### [Supplied records]
- - - -

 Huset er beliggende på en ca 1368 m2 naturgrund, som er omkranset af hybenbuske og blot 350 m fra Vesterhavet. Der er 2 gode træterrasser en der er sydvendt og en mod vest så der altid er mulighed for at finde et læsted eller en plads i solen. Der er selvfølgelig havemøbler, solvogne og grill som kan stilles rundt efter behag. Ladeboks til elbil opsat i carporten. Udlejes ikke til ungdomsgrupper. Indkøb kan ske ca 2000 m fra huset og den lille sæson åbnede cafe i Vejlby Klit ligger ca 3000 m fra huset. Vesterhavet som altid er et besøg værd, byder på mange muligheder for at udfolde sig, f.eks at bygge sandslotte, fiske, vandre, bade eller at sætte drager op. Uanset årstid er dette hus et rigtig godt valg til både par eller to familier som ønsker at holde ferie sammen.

- - - -

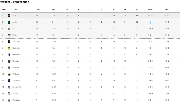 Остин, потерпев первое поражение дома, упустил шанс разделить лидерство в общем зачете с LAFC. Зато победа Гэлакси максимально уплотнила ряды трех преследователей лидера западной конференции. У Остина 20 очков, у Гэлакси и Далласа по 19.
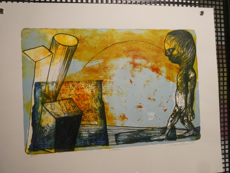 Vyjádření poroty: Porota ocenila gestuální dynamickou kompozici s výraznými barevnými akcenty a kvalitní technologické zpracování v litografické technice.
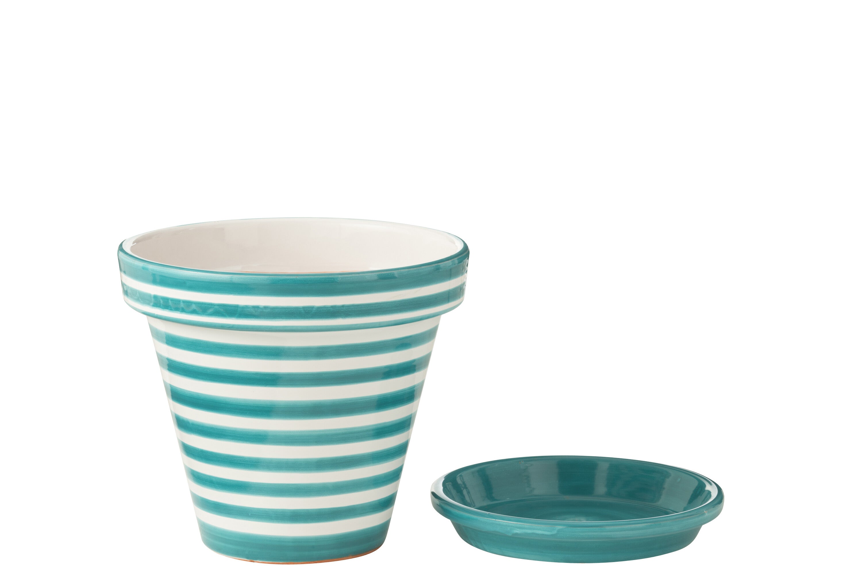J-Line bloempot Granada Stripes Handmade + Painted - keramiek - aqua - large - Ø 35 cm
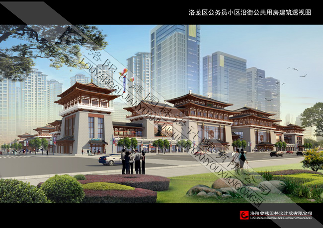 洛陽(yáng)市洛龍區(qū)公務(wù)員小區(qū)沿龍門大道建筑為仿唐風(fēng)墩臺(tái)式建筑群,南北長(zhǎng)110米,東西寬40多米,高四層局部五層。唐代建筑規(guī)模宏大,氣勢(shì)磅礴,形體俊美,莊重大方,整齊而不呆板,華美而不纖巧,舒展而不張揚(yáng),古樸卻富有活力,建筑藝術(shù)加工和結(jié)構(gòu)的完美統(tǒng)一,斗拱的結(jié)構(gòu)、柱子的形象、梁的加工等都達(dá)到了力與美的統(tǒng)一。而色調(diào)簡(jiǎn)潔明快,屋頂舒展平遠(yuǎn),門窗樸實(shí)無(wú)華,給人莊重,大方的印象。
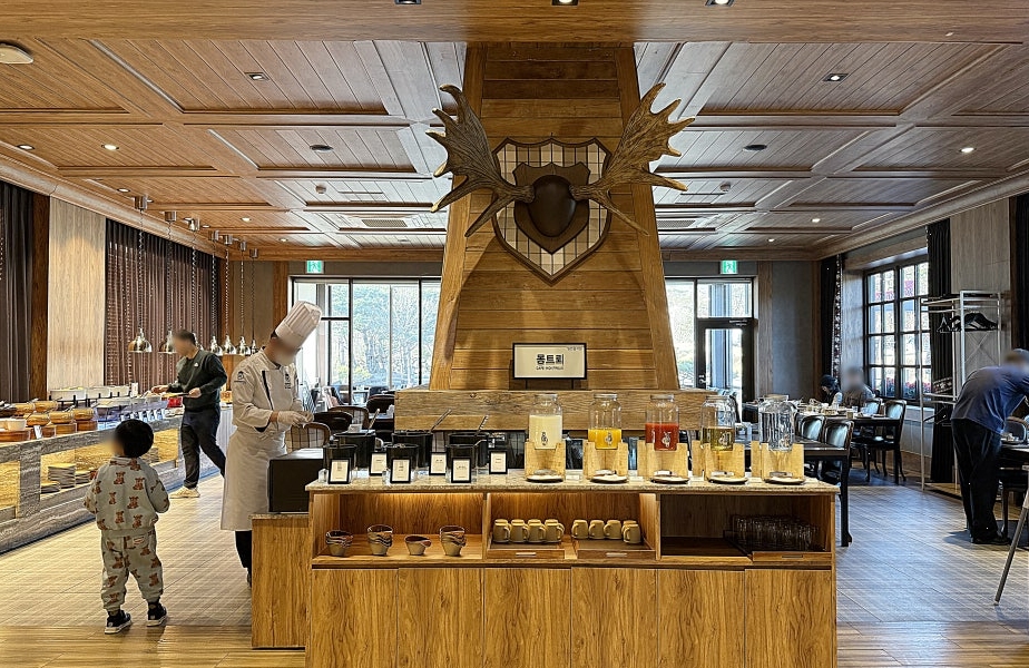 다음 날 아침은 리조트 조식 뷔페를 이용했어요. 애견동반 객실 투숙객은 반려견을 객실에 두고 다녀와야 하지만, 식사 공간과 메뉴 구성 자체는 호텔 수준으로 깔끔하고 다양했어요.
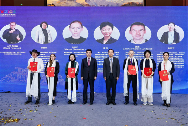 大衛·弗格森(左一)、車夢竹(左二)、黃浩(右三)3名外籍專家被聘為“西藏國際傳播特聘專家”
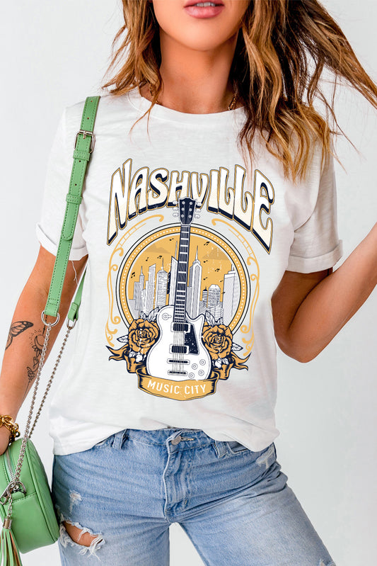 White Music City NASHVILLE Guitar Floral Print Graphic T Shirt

- - - -

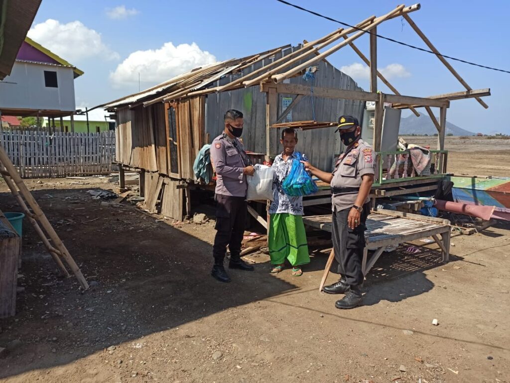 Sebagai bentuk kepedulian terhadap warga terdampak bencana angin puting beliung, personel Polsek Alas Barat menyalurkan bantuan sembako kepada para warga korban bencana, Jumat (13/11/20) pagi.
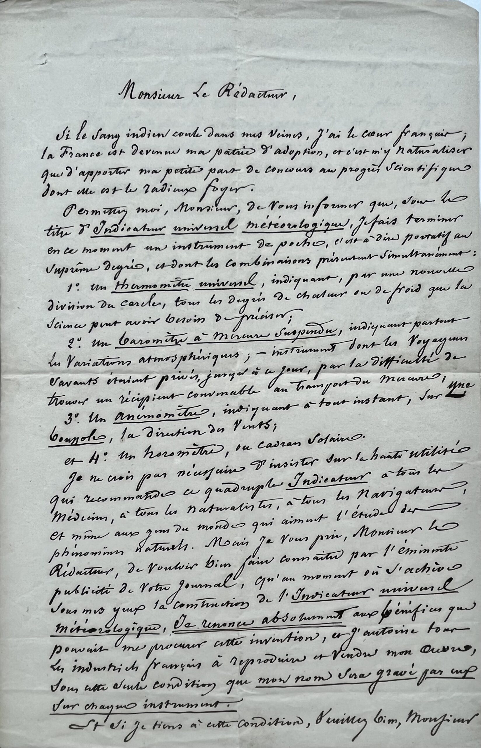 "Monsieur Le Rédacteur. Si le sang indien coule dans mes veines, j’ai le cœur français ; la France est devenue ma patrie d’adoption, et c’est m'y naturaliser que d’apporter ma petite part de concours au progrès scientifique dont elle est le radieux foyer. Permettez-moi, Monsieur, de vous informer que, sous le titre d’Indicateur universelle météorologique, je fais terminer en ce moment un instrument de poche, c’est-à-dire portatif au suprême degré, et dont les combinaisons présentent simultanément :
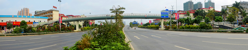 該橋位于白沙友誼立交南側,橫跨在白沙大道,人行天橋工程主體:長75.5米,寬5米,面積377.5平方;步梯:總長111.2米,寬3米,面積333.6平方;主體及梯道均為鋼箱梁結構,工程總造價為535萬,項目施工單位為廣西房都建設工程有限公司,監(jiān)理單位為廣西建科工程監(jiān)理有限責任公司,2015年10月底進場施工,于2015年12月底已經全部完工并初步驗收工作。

- - - -

### [Aim of the task]
Repeat, without pictures, exactly the lines of the data above from the one containing "다음 날 아침은 리조트" through the one containing "White Music City", including both and adding nothing.

### [Answer space]
 다음 날 아침은 리조트 조식 뷔페를 이용했어요. 애견동반 객실 투숙객은 반려견을 객실에 두고 다녀와야 하지만, 식사 공간과 메뉴 구성 자체는 호텔 수준으로 깔끔하고 다양했어요.
 大衛·弗格森(左一)、車夢竹(左二)、黃浩(右三)3名外籍專家被聘為“西藏國際傳播特聘專家”
 White Music City NASHVILLE Guitar Floral Print Graphic T Shirt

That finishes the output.